Duress or unfair pressure - You were pressured into signing in a way that removed your real choice.
Misrepresentation - You signed based on false or misleading information about the business or the risks.
Technical defects - Errors in how the guarantee was signed or witnessed.
This option means seeking independent legal advice, is fact-specific and isn’t applicable in most cases, but it is worth knowing about.
Enter a personal insolvency arrangement
If you genuinely can't meet your personal guarantee obligations, personal insolvency arrangements may offer a way through.
Here are your options:
Debt agreement (Part IX) - A formal agreement to settle debts for less than the full amount, paid over time.

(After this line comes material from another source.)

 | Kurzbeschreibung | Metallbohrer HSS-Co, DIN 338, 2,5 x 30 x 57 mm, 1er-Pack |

Personal insolvency agreement (Part X) - A more flexible arrangement for larger debts, negotiated directly with creditors.

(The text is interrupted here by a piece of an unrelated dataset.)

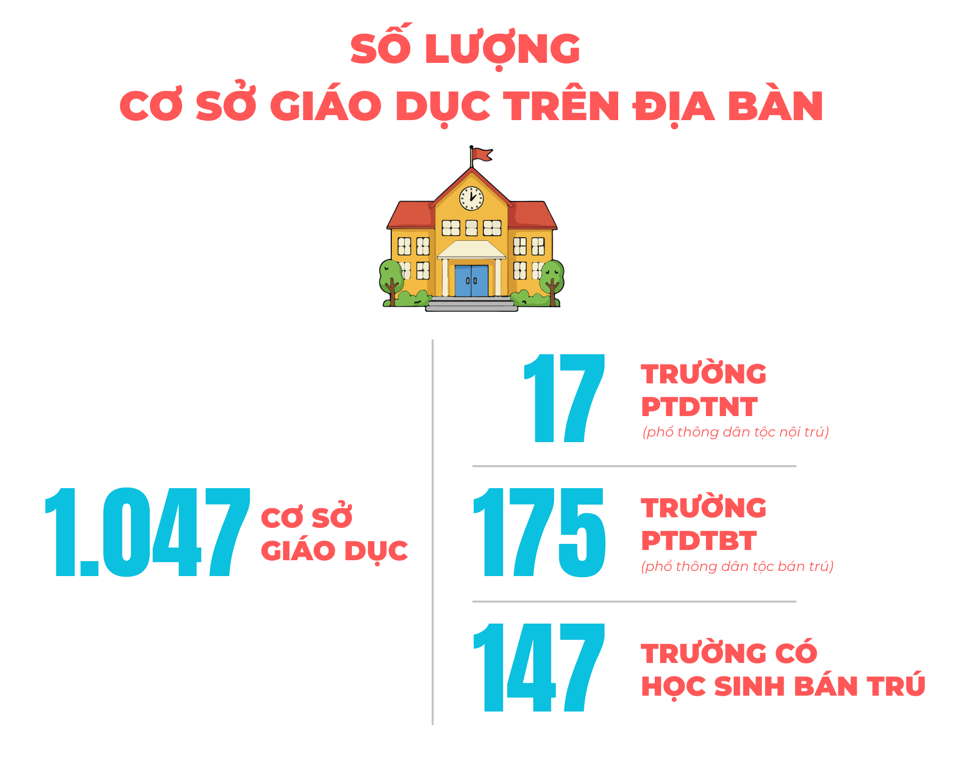 Toàn tỉnh hiện có 1.047 cơ sở giáo dục từ bậc mầm non đến phổ thông, trong đó có 17 trường phổ thông dân tộc nội trú (PTDTNT), 175 trường phổ thông dân tộc bán trú (PTDTBT) và 147 trường có học sinh bán trú. Tổng số học sinh toàn tỉnh đạt hơn 470.000 em, trên 70% là học sinh DTTS - con số cho thấy quy mô lớn và tính chất đặc thù của hệ thống giáo dục Lào Cai.

Personal bankruptcy - Assets are handed to a trustee, most debts are cleared, but there are notable restrictions while you're in it.
These are serious steps with significant consequences, so get specialist advice.

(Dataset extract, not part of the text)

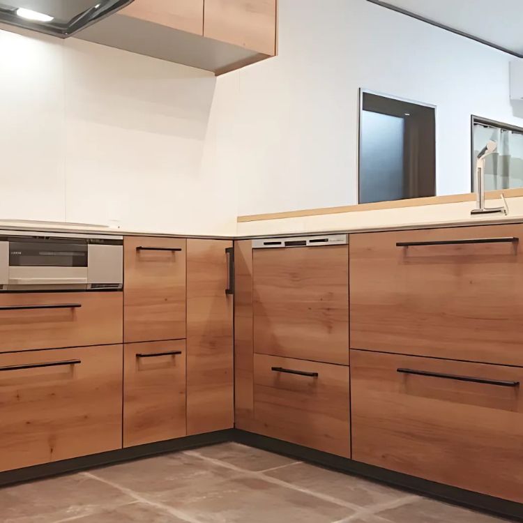 木目の扉と黒の取手でクラシックな雰囲気に仕上げました。

Getting the right advice matters
Personal guarantees in liquidation scenarios have legal consequences and can be complex, so getting professional advice is essential.
Because guarantees sit at the crossroads of insolvency law and personal liability, you may need both a registered insolvency practitioner and a solicitor experienced in personal insolvency.
The sooner you get a clear understanding of your guarantee position, the more options you have. Waiting until a creditor is already chasing them significantly trims your choices.
Our Assess Your Options tool is a helpful starting point for getting a clearer picture of your broader situation. For guarantee-specific advice, you should speak with experts. Understanding your guarantee exposure is the first step to managing it.
Early action keeps options open
Entering liquidation when your business fails doesn't cancel debts you’ve personally guaranteed. They exist outside your business specifically to protect the creditor.
But while you can't avoid them, knowing your options and getting the right advice puts you in the strongest possible position. And acting quickly keeps more of those options open.